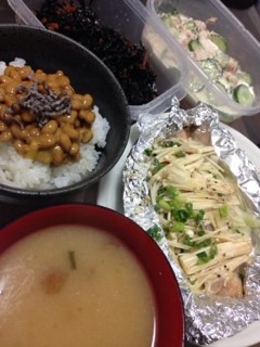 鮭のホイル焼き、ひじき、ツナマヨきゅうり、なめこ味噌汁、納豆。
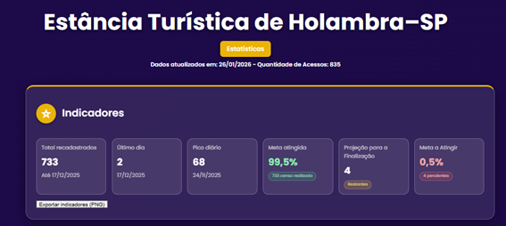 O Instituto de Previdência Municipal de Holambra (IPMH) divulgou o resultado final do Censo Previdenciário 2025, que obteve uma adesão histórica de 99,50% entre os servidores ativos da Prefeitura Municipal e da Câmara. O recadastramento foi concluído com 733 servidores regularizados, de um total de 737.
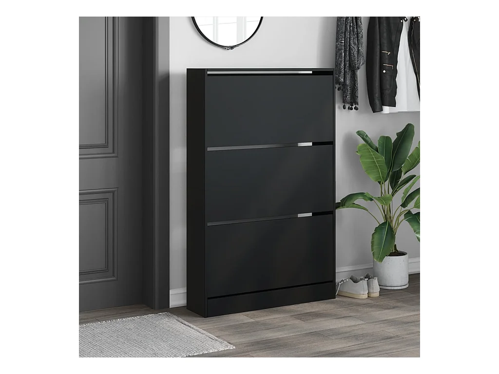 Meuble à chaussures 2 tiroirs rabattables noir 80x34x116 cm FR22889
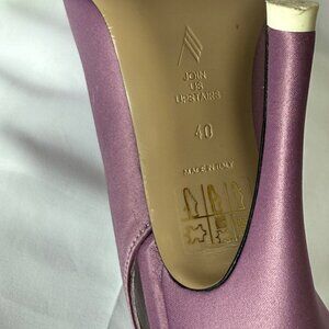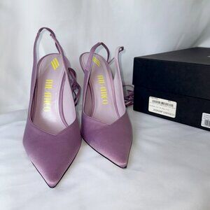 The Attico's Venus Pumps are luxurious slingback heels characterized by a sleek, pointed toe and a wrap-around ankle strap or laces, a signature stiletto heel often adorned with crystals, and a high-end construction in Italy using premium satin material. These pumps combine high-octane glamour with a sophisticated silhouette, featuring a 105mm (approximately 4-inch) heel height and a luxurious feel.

▶ [EXERCISE BRIEF]:
Exact repetition required: repeat the first line of the listing above, the line containing "Meuble à chaussures", and every line between, leaving out pictures.

▶ [EXERCISE RESULT]:
 鮭のホイル焼き、ひじき、ツナマヨきゅうり、なめこ味噌汁、納豆。
 O Instituto de Previdência Municipal de Holambra (IPMH) divulgou o resultado final do Censo Previdenciário 2025, que obteve uma adesão histórica de 99,50% entre os servidores ativos da Prefeitura Municipal e da Câmara. O recadastramento foi concluído com 733 servidores regularizados, de um total de 737.
 Meuble à chaussures 2 tiroirs rabattables noir 80x34x116 cm FR22889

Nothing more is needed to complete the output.